--- DATA ---

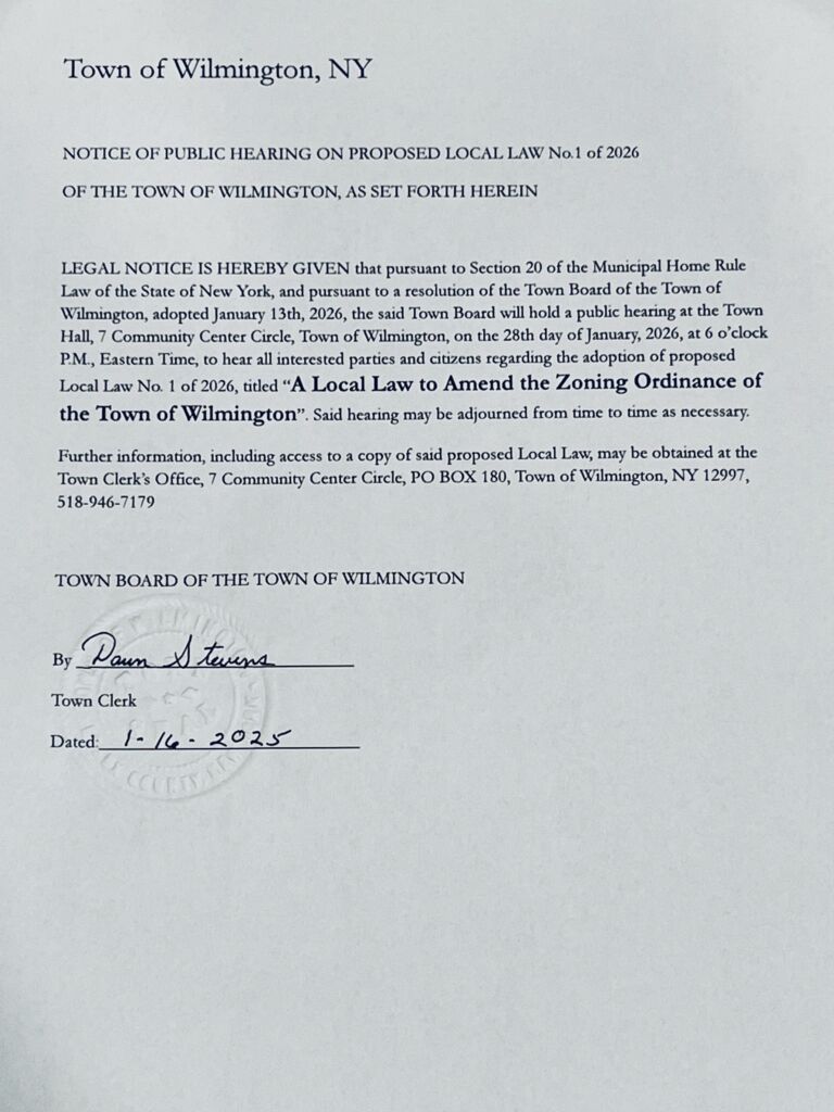 3. NOTICE OF PUBLIC HEARING ON PROPOSED LOCAL LAW No.1 of 2026
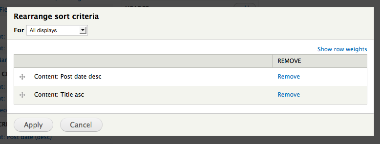 TIP: Depending on the settings in the Views quick-wizard, your view will either display entire nodes or single fields. To configure view fields you must have the row style (in the format group) set to fields. See the section about row style for more information.
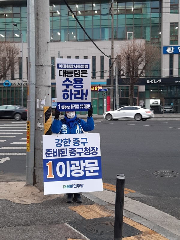 더불어민주당 이광문 대전 중구청장 예비후보가 29일 정부에 이태원 참사 특별법 수용을 강력 촉구하고 나섰다.

---

--- YOUR GOAL ---
Keep the pictures out and repeat exactly the lines from the beginning of the data through the line that contains "TIP: Depending on", both ends included.

--- TASK RESULT ---
 3. NOTICE OF PUBLIC HEARING ON PROPOSED LOCAL LAW No.1 of 2026
 TIP: Depending on the settings in the Views quick-wizard, your view will either display entire nodes or single fields. To configure view fields you must have the row style (in the format group) set to fields. See the section about row style for more information.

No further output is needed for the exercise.